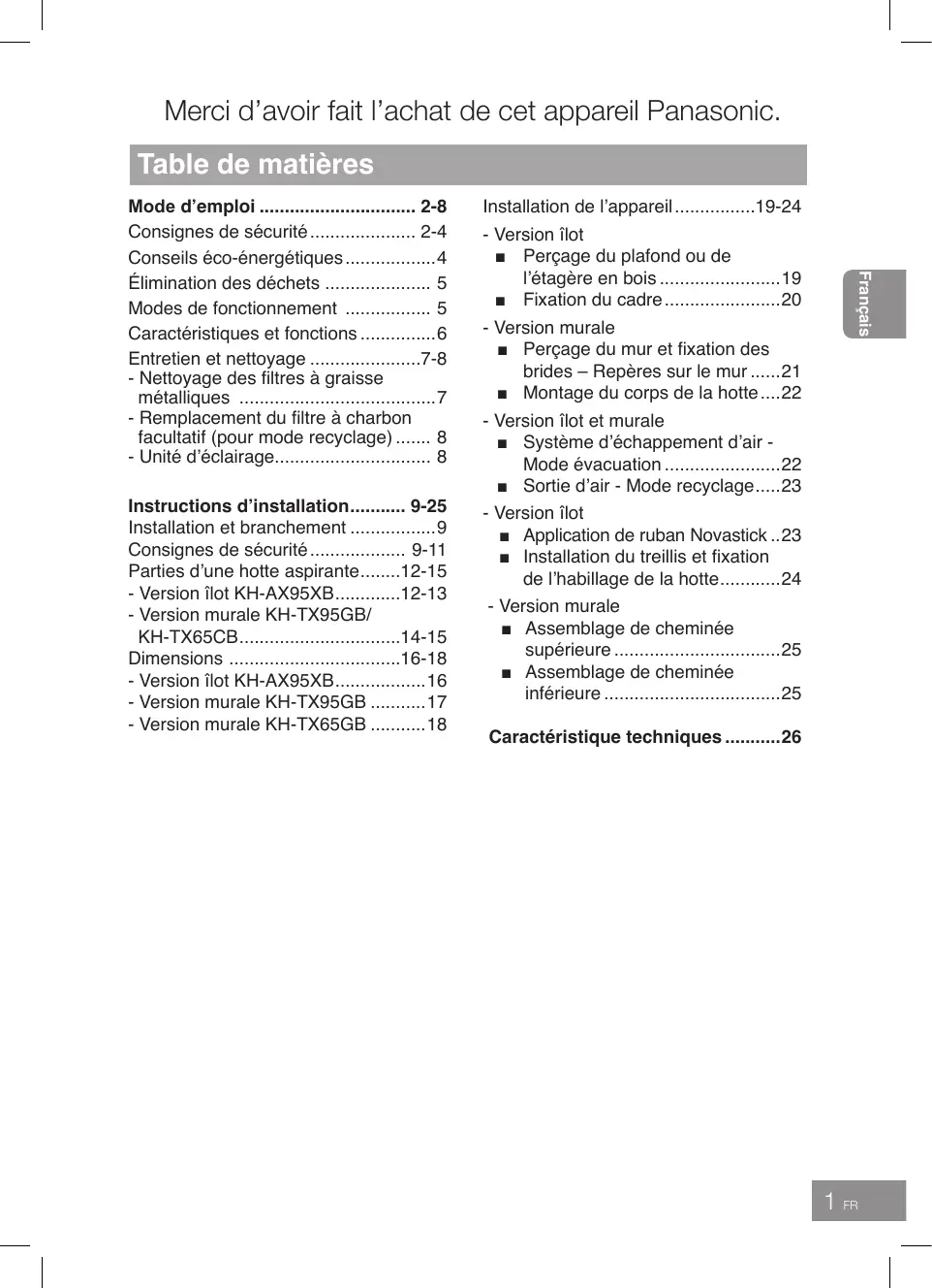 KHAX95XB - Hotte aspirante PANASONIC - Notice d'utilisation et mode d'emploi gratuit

---

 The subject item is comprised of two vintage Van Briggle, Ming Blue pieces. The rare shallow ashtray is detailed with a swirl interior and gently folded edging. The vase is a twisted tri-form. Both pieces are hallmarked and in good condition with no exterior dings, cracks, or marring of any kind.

---

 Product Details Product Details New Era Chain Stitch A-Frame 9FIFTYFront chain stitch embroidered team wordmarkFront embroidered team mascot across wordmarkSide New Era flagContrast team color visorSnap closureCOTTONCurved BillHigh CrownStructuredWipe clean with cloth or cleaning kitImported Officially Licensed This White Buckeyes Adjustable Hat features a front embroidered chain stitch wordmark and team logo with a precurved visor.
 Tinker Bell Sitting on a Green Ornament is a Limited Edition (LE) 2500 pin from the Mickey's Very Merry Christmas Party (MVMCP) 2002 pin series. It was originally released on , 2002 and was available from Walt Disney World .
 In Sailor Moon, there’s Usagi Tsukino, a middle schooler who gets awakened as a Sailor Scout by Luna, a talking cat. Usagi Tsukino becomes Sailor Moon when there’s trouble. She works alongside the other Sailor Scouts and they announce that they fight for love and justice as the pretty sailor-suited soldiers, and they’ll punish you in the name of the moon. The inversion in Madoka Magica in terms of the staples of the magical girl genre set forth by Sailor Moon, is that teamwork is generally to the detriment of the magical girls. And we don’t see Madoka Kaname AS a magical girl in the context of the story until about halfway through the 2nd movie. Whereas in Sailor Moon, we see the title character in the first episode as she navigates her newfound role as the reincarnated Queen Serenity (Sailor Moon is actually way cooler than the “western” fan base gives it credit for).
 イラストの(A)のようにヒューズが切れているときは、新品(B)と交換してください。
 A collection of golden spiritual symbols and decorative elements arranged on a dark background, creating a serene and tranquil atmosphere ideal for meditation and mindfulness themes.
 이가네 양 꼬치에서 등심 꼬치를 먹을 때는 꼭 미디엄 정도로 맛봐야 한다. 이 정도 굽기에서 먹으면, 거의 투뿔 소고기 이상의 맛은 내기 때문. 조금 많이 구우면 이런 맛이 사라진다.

* _Work to be completed_
Repeat exactly the lines of the listing above, from the one with "A collection of" down to the one with "이가네 양 꼬치에서 등심"; both of those lines belong in the range.

* _Task result_
 A collection of golden spiritual symbols and decorative elements arranged on a dark background, creating a serene and tranquil atmosphere ideal for meditation and mindfulness themes.
 이가네 양 꼬치에서 등심 꼬치를 먹을 때는 꼭 미디엄 정도로 맛봐야 한다. 이 정도 굽기에서 먹으면, 거의 투뿔 소고기 이상의 맛은 내기 때문. 조금 많이 구우면 이런 맛이 사라진다.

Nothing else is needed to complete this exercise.